Has anybody else read them, and if so, what were your impressions, particularly of their reliability as sources?


----------



## buzzconroy (Jun 28, 2002)

Hi

I have the Monogram book, I recommend it strongly, lots of photos of store displays and info, I enjoyed reading the entire book.

Randy


----------



## DocJam00 (May 18, 2010)

Thanks for the recommendation. I just don't recall making any Monogram kits as a boy -- tons of Aurora, and slowly moving over to Revell for the greater detail and sophistication.

Of course, right now, it's the Aurora stuff I'm obsessed with building again. But I find myself looking at the Revell Wright Flyer and the WWII fighters in the store....

Robert


----------



## scooke123 (Apr 11, 2008)

All 3 books are great - The Monogram one is a great one too. I built quite a few Monogram 1/48 aircraft in my youth plus several of the Daniels' Custom cars too. He also has a book on Aurora slot cars too thats nice if you were into those as a kid.
Steve


----------



## Cro-Magnon Man (Jun 11, 2001)

If you can find them reasonably cheaply, you might like the Aurora History and Price Guide by Bill Bruegman (illustrations are in black and white, but it's the book that brought me back into the hobby so to me it's like the bible on the subject);

and Classic Plastic Model Kits by Rick Polizzi, which covers all figure kit manufacturers, not only Aurora, and will similarly make your mouth water.


----------



## DocJam00 (May 18, 2010)

Thanks for the recommendations!

I must have been reading your mind -- found the Aurora book you mentioned at the local library, BEFORE I read your post...

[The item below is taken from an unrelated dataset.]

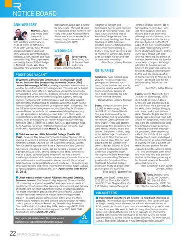 OBITUARIES Abrahams, Isaac passed away 28.12.15. He was a respected geologist and beloved husband, father, brother and son. A memorial service was held in the Cairns church on January 21. He is sadly missed by his wife Roslyn and five children. Daniel Matteo, Johnny Murison Beard, Vanessa Lorraine, born 9.5.1955 in Wahroonga, NSW; died 24.12.15 in Tweed Heads. She was predeceased by her father Arthur. She is survived by her mother Lorrie; and her siblings Sharon, Chris and Warren. Vanessa had five great loves: her Lord, family, church, music and horses. She played cornet, sang in the Wahroonga church choir— which led to Clive Pascoe writing a special piece for her—and played piano for Galston children’s Sabbath School. In 2008 she joined Tumbulgum church where she played the organ. Her impressive Bible knowledge came from attending Wahroonga Adventist School and then Strathfield Adventist College. Vanessa is finally at peace after years of pain and suffering. Errol Wright, Warren Price Carter, John (Jack) Alfred, born 13.12.1921 in Moore Park, NSW; died 23.12.15 in Niagara Park. On 1.11.1964 he married Margaret

And I will hunt up the other one too


----------



## spawndude (Nov 28, 2007)

If you are even the least bit interested in rockets, space concept ideas or the real space program a book called "Creating Space" by Mat Irvive is a must!
I'm on my third read through and still find information I some how missed.
I've found it to be the least expensive of those mentioned. I paid about $8 shipped for mine.

The "Classic Plastic" is gonna set ya back the most. $50-$100


----------



## SpaceCrawler (Mar 22, 2010)

I have read all three Graham books and liked them equally. I am not so familiar with model kit history to comment on their accuracy, but they seem accurate enough based on my limited knowledge and collecting experience.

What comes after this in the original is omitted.